Michelangelo intervenne sulla figura di Maria trasformandola in una nuova versione del corpo
di Gesù, della precedente concezione rimasero solo le gambe. Maria, nella nuova versione,
venne infine ricavata dalla spalla sinistra e dal petto del Cristo primitivo. Tutta l'attenzione
dell'artista è concentrata sul rapporto tra madre e figlio morto. Il torso del Cristo, leggermente
piegato in avanti, è schiacciato contro il corpo della Vergine quasi a formare un toccante
tutt'uno, con una grande tensione emotiva.Se guardata di lato, la statua appare curva in avanti.

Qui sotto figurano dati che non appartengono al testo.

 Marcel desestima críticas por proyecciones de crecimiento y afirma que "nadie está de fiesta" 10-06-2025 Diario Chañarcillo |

Questa curvatura dà un senso di slancio verso l'alto come forse è dato intendere da un episodio
come la morte di Cristo prossimo alla Resurrezione.

Il Mosè
Il Mosè di Michelangelo fu pensato e scolpito per decorare la tomba di Papa Giulio II insieme a
circa cinquanta altre statue. Databile al 1513-1515 circa, ritoccata nel 1542 e conservata nella
Basilica di San Pietro in Vincoli a Roma.Il profeta viene rappresentato in posizione seduta, con
la testa barbuta rivolta a sinistra, il piede destro posato per terra e la gamba sinistra sollevata
con la sola punta del piede posata sulla base.Il braccio sinistro è abbandonato sul grembo,
invece quello destro regge le tavole della Legge, mentre la mano arriccia la lunga barba.

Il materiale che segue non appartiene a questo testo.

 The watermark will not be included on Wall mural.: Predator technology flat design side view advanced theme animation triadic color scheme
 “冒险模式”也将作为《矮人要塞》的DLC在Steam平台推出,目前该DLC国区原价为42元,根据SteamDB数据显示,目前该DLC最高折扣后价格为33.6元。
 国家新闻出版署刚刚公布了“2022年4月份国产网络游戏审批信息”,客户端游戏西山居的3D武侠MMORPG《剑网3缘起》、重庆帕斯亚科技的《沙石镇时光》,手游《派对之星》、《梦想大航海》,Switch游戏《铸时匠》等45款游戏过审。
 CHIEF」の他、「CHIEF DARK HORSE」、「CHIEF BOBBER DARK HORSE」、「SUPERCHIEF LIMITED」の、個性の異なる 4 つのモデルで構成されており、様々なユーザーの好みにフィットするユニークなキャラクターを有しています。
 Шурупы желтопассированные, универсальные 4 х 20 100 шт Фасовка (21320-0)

Curiosamente le tavole della legge risultano rovesciate, come se fossero scivolate dalle braccia
del Mosè. Celebre lo sguardo del Mosè definito come “terribile”: esso è stato interpretato come
espressione del carattere di Michelangelo, irascibile, orgoglioso e severo, per il quale è stato
coniato il termine "terribilità". Il riferimento è l’arte classica, Donatello in particolare, della
quale si riprendono le proporzioni, l’armonia, l’idealizzazione delle figure e la monumentalità
delle forme. Le corna sul capo del Mosè, tipiche della sua iconografia, sono probabilmente
dovute ad un errore di traduzione del Libro dell'Esodo, nel quale si narra che Mosè, scendendo
dal monte Sinai, avesse due raggi sulla fronte. L'ebraico "karan" "raggi" potrebbe essere stato
confuso con "keren" "corna". All'errore può aver contribuito anche il fatto che nel Medioevo si
riteneva che solo Gesù potesse avere il volto pieno di luce.